There's a version of that crankiness that belongs in marketing. Not all copy is equal. Not all buyer research is equal. Not all "understanding your audience" is equal. There's a shallow version where you build personas from demographics and guesses and call it done. And there's a deep version where you sit with transcripts for weeks and start hearing the frequencies underneath the words, the fears that aren't being named, the desires that aren't being admitted, the patterns of avoidance and attraction that reveal what the buyer actually wants, which is almost never what they say they want.

Bloom would say: the strong reading is the one that reveals what the text didn't know about itself. The strong buyer research is the one that reveals what the buyer didn't know about their own decision. The moment of purchase wasn't rational. It wasn't the result of a features comparison. It was an emotional event that the buyer retroactively rationalized, and the rationalization is what you get if you ask surface questions, and the emotional event is what you get if you read between lines.

I learned to read between lines from Harold Bloom. Not directly. I was an English major who read his books and argued with them and found them infuriating and indispensable, the way Bloom would have wanted. He believed that every strong reader fights with the text. If you're not fighting, you're not reading. If you're not wrestling with your buyer data, you're not doing research.


There's a moment in "The Anxiety of Influence" where Bloom says something I've never been able to shake. I'm paraphrasing because the book is on a shelf in the other room and it's 2 AM and the yerba mate has gone warm: strong poets don't read their predecessors accurately. They read them wrong, on purpose, because accurate reading would paralyze them. You can't write after Shakespeare if you read Shakespeare correctly. The only way forward is through distortion.

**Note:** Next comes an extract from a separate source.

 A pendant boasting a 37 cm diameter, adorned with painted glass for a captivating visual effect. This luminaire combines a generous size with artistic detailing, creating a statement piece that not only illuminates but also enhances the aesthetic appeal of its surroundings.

I think buyers do the same thing with ads. They can't read your ad accurately and still function. If they took every promise at face value, they'd be buying everything. The misreading is a survival mechanism. The skepticism is protective distortion. They're swerving away from your intended meaning because reading you accurately would make them vulnerable, and they've been vulnerable before, and it cost them.

So the question isn't how to prevent the misreading. It's how to write something strong enough that even the misread version moves them. Something so rooted in their actual experience, their actual language, their actual fear and desire, that even after the swerve, even after the completion, even after every revisionary ratio has done its work, the meaning that remains is still true enough to act on.

That's hard. Bloom would say it should be hard. He had no patience for easy reading or easy writing. He wanted the struggle. He wanted the wrestling match between text and reader to produce something neither of them expected.

I think that's what the best marketing does. Not what the most effective marketing does, necessarily. Effectiveness is a Delita metric. But the best. The kind that makes someone stop scrolling and feel seen. The kind that survives the misreading and arrives at something real.

Bloom died in 2019. He would have hated this essay. He would have said I was misreading him, applying literary theory to commerce like a philistine. And he would have been right, in the way that strong misreadings are always right: not accurately, but productively. I'm swerving from his meaning toward mine. That's the whole point. That's always been the whole point.